Key Words: Aging Beef Meat Quality Tenderness
Introduction
Tenderness is the most important factor affecting beef palatability. Consumers can segregate differences in beef tenderness and are willing to pay more for more tender beef (Miller et al., 2001
). The challenge is to decrease variation and improve tenderness through multiple ante- and postmortem technologies. Of beef steaks regularly offered on restaurant menus, top sirloin steaks are the toughest and most variable in tenderness (Morgan et al., 1991
), but are typically lower in price than most other menu offerings.
Quality grade is relied upon heavily as a predictor of palatability, but has long been questioned for accuracy (Parrish et al., 1973
; Jost et al., 1983
). Postmortem aging is among the most popular options for improving tenderness (Dransfield, 1994
). Endpoint cooking temperature, however, may be the definitive factor in beef tenderness. Parrish et al. (1973)
found endpoint temperature was a better predictor of rib steak tenderness than marbling. Blade tenderization is another available technology that has been shown to improve tenderness through muscle tissue disruption (Parrish, 1977
). In a survey of North American Meat Processors Association members (George-Evins et al., 1999
), 61.8% of meat processors used blade tenderization on the top sirloin butt, and, when used, the average number of passes was 1.6 times (range of one to three passes).
Although each of these technologies has been used to improve tenderness, the effect of the combination and/or different levels of these factors on tenderness merits further investigation. Therefore, the objective of this study was to study the effects of postmortem technology combinations (quality classification, postmortem aging, blade tenderization, and endpoint cooking temperature) on cooking characteristics and tenderness of gluteus medius steaks from top sirloin butts.
Materials and Methods
Product Collection
One hundred sixty-two top sirloin beef butts were obtained from a commercial packing facility. Sirloin butts were ordered for qualification into USDA Select (SEL, n = 54), USDA Choice (CHO, n = 54), and the Certified Angus Beef Program (CAB, n = 54; average and high Choice). Sirloin butts were shipped to a commercial fabrication plant and aged at 1°C for 7, 14, or 21 d postmortem. After aging, top sirloin butts were passed through a blade tenderizer (model T7001; Ross Industries Inc., Midland, VA) zero (0x), one (1x), or two (2x) times, with the external fat side down. Plant personnel trimmed and removed the biceps femoris muscle from each top sirloin butt. The gluteus medius muscle was cut into 2.54-cm-thick steaks and individually vacuum-packaged (model M 860, Multivac Inc., Calhoun, Germany). Steaks were frozen for 35 to 40 min at 37°C in a spiral freezer (Meyer Metal Craft, Windsor, MO), transported to the Kansas State University Meat Laboratory, and stored at 29°C until analysis. Top sirloin butt identification was maintained throughout the process.

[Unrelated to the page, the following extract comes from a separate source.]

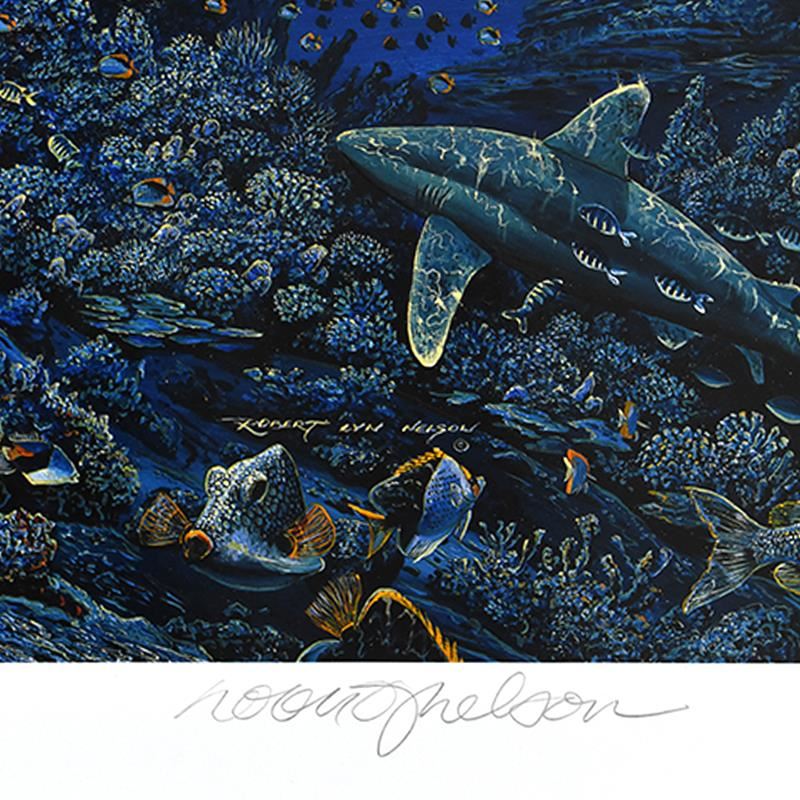 "Wonders of Mahea-Lani" is a limited edition mixed media on paper by Robert Lyn Nelson, numbered and hand signed by the artist. Includes Letter of Authenticity. Measures approx. 34" x 27" (with border), 30" x 22" (image).

Warner-Bratzler Shear Force Determination
Three steaks were randomly selected from each top sirloin butt and assigned to one of three endpoint cooking temperatures (65.5, 71.0, or 76.6°C). Endpoint cooking temperatures were selected to approximately represent medium rare, medium, and well-done degrees of doneness. Vacuum seals were broken and steaks were thawed for 24 h at 3°C. Steaks were weighed in the bag with juices, weighed again out of the bag, trimmed of external fat, and weighed again. Percentages of thawing loss for the three steaks from each top sirloin butt were averaged. Steaks were cooked according to an established protocol consistent with AMSA (1995)

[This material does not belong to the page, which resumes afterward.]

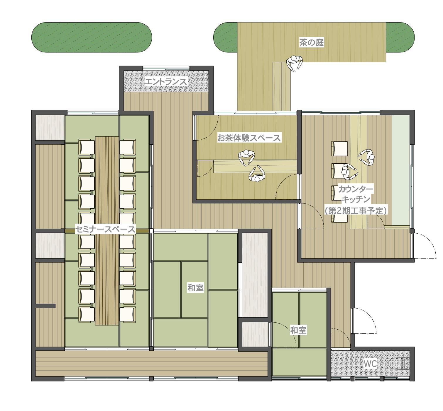 またこちらは古民家抹茶カフェの施工図です。1階のイメージ画像がこちらです。

guidelines in a Blodgett dual-air-flow gas convection oven (model DFG-201; G. S. Blodgett Co., Inc. Burlington, VA) preheated to 163°C. Temperature was monitored by 30-gauge, type-T thermocouples inserted into the geometric center of the steak and attached to a Doric temperature recorder (model 205; Vas Engineering, San Francisco, CA). Cooking time was recorded for each steak. Steaks were cooled at least 30 min, reweighed, and cooking loss percentage was calculated. Steaks were stored overnight at 3°C in a McCall refrigerator (Kolpak Industries Inc., Parsons, TN), and a minimum of six 1.27-cm-diameter cores were taken parallel to the muscle fiber orientation. Cores were sheared perpendicular to the muscle fiber orientation as recommended by AMSA (1995)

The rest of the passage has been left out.